Getting Started on BlueCrystal Phase-2
After you have logged in, type the following at the command line:
module add languages/python-2.7.2.0 python
This should start up an interactive python session:
Python 2.7.2 (default, Aug 25 2011, 10:51:03) [GCC 4.3.3] on linux2 Type "help", "copyright", "credits" or "license" for more information. >>>
where we can type commands at the >>> prompt.
Python as a Calculator
To get started, let's just try a few commands out. If you type:
>>> print "Hello!"
you'll get:
Hello!
If you try:
>>> print 5 + 9
you'll get:
14
So far so simple! Here is a copy of a session containing a few more commands where we've set the values of some variables and also defined and run our own function:
>>> five = 5
>>> neuf = 9
>>> print five + neuf
14
>>> def say_hello():
...     print "Hello, world!"
... # hit return here 
>>> say_hello()
Hello, world!
You can exit an interactive session at any time by typing Ctrl-D.
Getting Help
One of the good things about Python is that it has lots of useful online documentation. (There are good books on the language too.) For example, take a look at: http://docs.python.org/. You can also type help() and the interpreter prompt:
>>> help()
Welcome to Python 2.7!  This is the online help utility.

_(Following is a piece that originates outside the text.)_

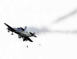 【图文】一架飞机18日在德国南部地区参加航空展飞行表演时与另一架飞机相撞,坠毁后起火,致使1名飞行员死亡。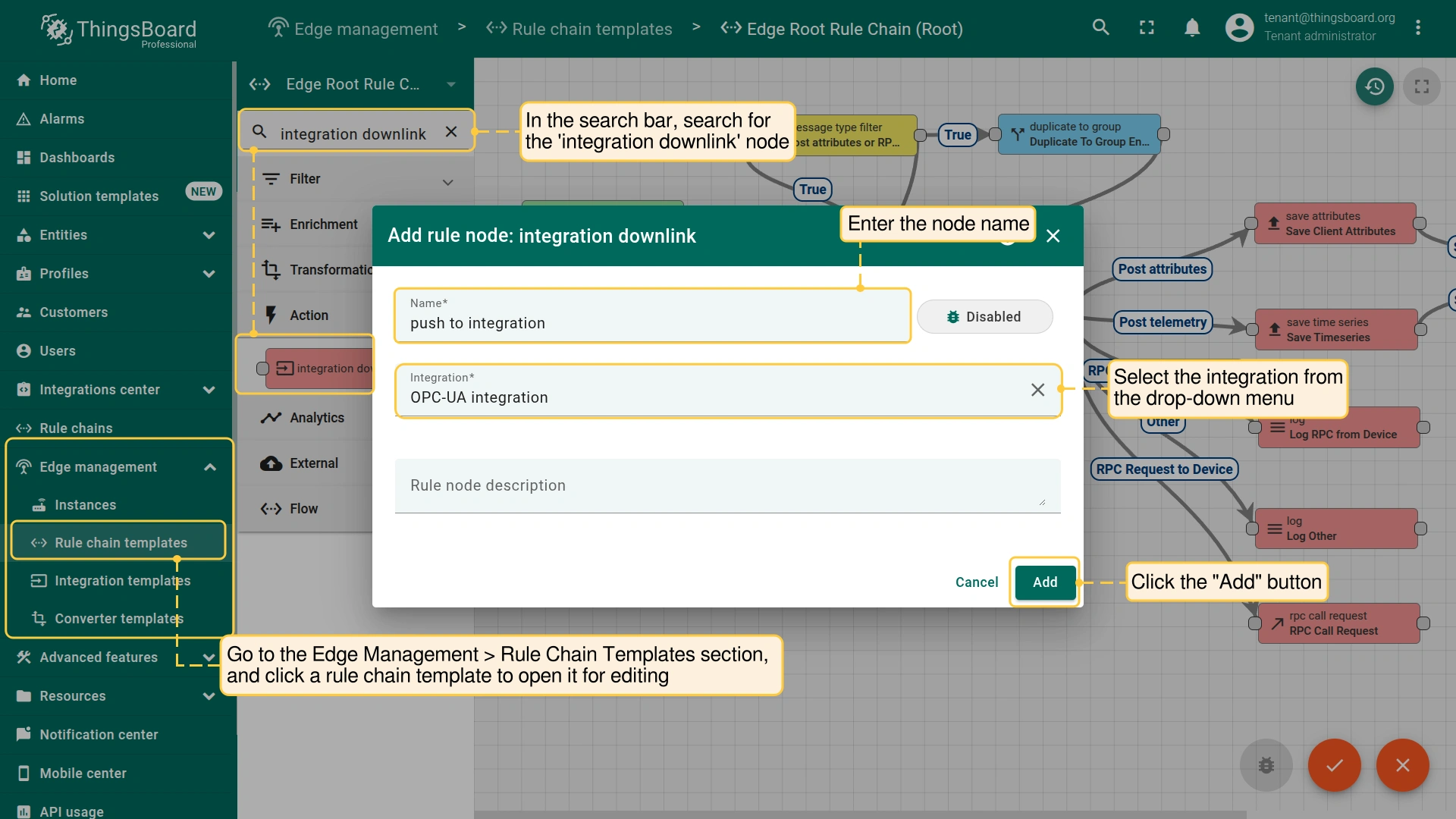 - To send a downlink over integration, we need to modify the Edge Root Rule chain.

If this is your first time using Python, you should definitely check out
the tutorial on the Internet at http://docs.python.org/tutorial/.
Enter the name of any module, keyword, or topic to get help on writing
Python programs and using Python modules.  To quit this help utility and
return to the interpreter, just type "quit".
...
help> keywords
Here is a list of the Python keywords.  Enter any keyword to get more help.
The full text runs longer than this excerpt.